Assessing Strategies Against Gambiense Sleeping Sickness Through Mathematical Modeling.

Author information

1
Zeeman Institute for Systems Biology and Infectious Disease Epidemiology Research, Coventry, United Kingdom.
2
School of Life Sciences, University of Warwick, Coventry, United Kingdom.
3
Yale School of Public Health, Yale University, New Haven, Connecticut.
4
Department of Epidemiology and Public Health, Swiss Tropical and Public Health Institute, Switzerland.
5
University of Basel, Switzerland.
6
Institute of Disease Modeling, Bellevue, Washington.
7
Department of Infectious Disease Epidemiology, Faculty of Epidemiology and Population Health, United Kingdom.
8
Centre for Mathematical Modelling of Infectious Diseases, London School of Hygiene and Tropical Medicine, United Kingdom.
9
Foundation for Innovative New Diagnostics, Geneva, Switzerland.
10
Mathematics Institute, University of Warwick, Coventry, United Kingdom.

Abstract

Background:

Control of gambiense sleeping sickness relies predominantly on passive and active screening of people, followed by treatment.

Methods:

Mathematical modeling explores the potential of 3 complementary interventions in high- and low-transmission settings.

Results:

Intervention strategies that included vector control are predicted to halt transmission most quickly.
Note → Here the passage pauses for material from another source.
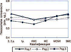Рис. 2. Динамика показателей соревнователь ной готовности с ростом квалификации. "Устойчивость" (ряд 1), "мобилизационность" (ряд 2), "самоконтроль" (ряд 3). Результаты сравнения показателей личности спортсменов разной психической готовности к соревновательной деятельности. При оценке показателей психической готовности к соревновательной деятельности (устойчивость, мобилизационность, самоконтроль) в результате дескриптивного анализа были выделены две группы спортсменов: с высоким (0,8-1,0 о.е.), и низким (0-0,4 о.е.) уровнем показателя "устойчивость" (рис. 1). Сравнение указанных группировок по другим показателям, изучаемым в исследовании, показало, что спортсмены с высокой и низкой устойчивостью имеют разную структуру личности. Данные группы были идентифицированы как спортсмены с высокой и низкой психической готовностью к соревновательной деятельности. Спортсмены с высокой психической готовностью к соревновательной деятельности характеризуются высокими значениями показателей устойчивости (0,84±0,03), мобилизационности (0,66±0,12), самоконтроля по УМБК (0,66±0,13), интеллекта (8,44±1,94), смелости (17,4±3,35), психологической гибкости (13,8±3,0), самоконтроля по 16-PF (14,12±2,95), оптимизма (19,5±4,43), сильной нервной системы, уравновешенных нервных процессов. Спортсмены с низкой психической готовностью к соревновательной деятельности характеризуются высокими значениями показателей агрессивности (0,62±0,2), доминантности по СПМ (0,66±0,11), депрессии (0,54±0,13), страха (0,36±0,16), невротичности (0,75±0,15), чувствительности по 16-PF (10,78±3,45), подозрительности (10,63±3,42), проницательности (10,02±2,88), чувства вины (13,73±4,45), напряженности (15,76±4,36), нейротизма (16,05±4,29), злопамятности (14,68±3,05), сверхчувствительности по SHPI (14,13±5,02), педантичности (13,21±3,55), тревожности (13,57±5,21), изменчивости настроения (19,18±4,61), возбудимости (15,86±4,97), пессимизма (9,23±4,64) и экзальтированности (19,26±5,43). Спортсмены с высокой и низкой психической готовностью имеют близкие значения следующих показателей: "юмор" (0,73±0,13), "демонстративность" по СПМ (0,45±0,15), "приобретательство" (0,61±0,16), "общительность" (0,72±0,14), "сексуальность" (0,62±0,24), "игровой потенциал" (0,44±0,17), "коллективизм" (0,61±0,16), "эмоциональность" (11,84±2,59), "беспечность" (15,92±3,41), "совестливость" (12,64±3,84), "мечтательность" (10,36±3,51), "самостоятельность" (6,8±2,71), "экставерсия" (16,0±3,17). Результаты исследования динамики психической готовности к соревновательной деятельности с ростом квалификации. При анализе изменения показателей обнаружено, что динамика психической готовности к соревновательной деятельности спортсменов квалификации от 2-го разряда до ЗМС аппроксимируется кривыми второго и третьего порядка. Высокую психическую готовность показывают начинающие спортсмены (относительно большой разброс данных) и спортсмены сборных команд (меньший разброс данных). У спортсменов средней квалификации (1-го разряда, КМС) психическая готовность более низкая, а самая низкая соревновательная готовность у КМС (0,59±0,11 о.е.), что можно объяснить высокой престижностью достигаемых результатов и неопределенностью положения в спортивной иерархии. На рис. 2 приводится динамика показателей психической готовности к соревновательной деятельности спортсменов с ростом квалификации от 2-го разряда до ЗМС. Исходя из результатов исследования можно рекомендовать планирование процесса многолетней спортивно
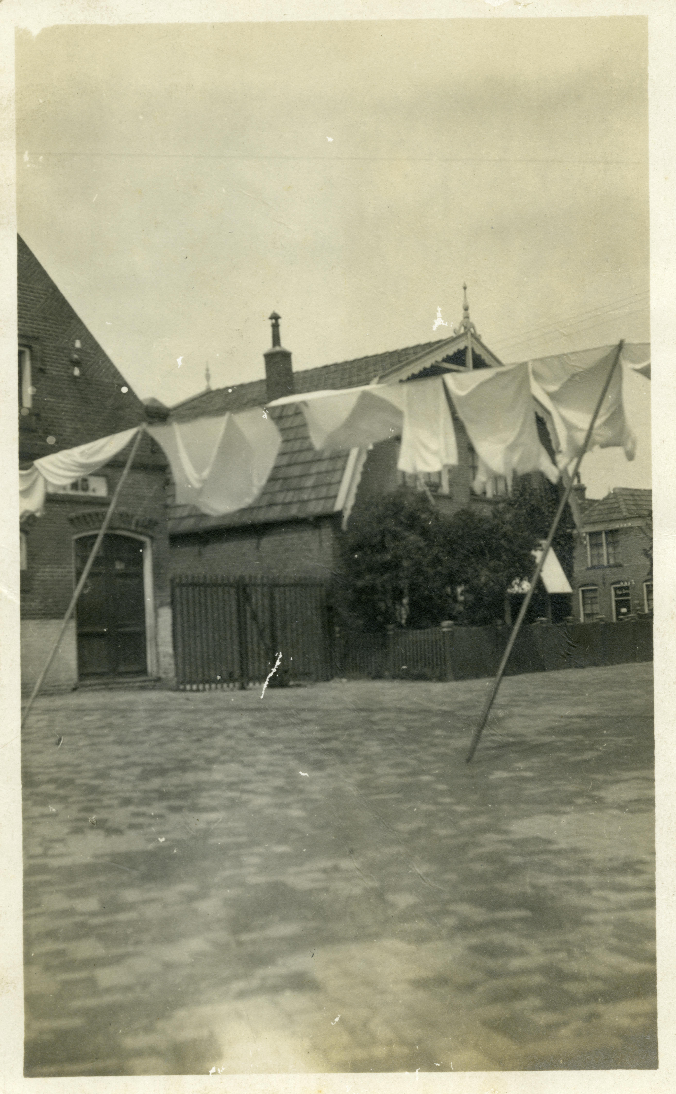 Straatbeeld op het eiland Urk. Over de straat is een waslijn gespannen. Het opschrift op de achterzijde luidt: 'De wasch te Urk [...] 1920'.

Targeted active screening, with better and more focused coverage, and enhanced passive surveillance, with improved access to diagnosis and treatment, are both estimated to avert many new infections but, when used alone, are unlikely to halt transmission before 2030 in high-risk settings.

Conclusions:

There was general model consensus in the ranking of the 3 complementary interventions studied, although with discrepancies between the quantitative predictions due to differing epidemiological assumptions within the models. While these predictions provide generic insights into improving control, the most effective strategy in any situation depends on the specific epidemiology in the region and the associated costs.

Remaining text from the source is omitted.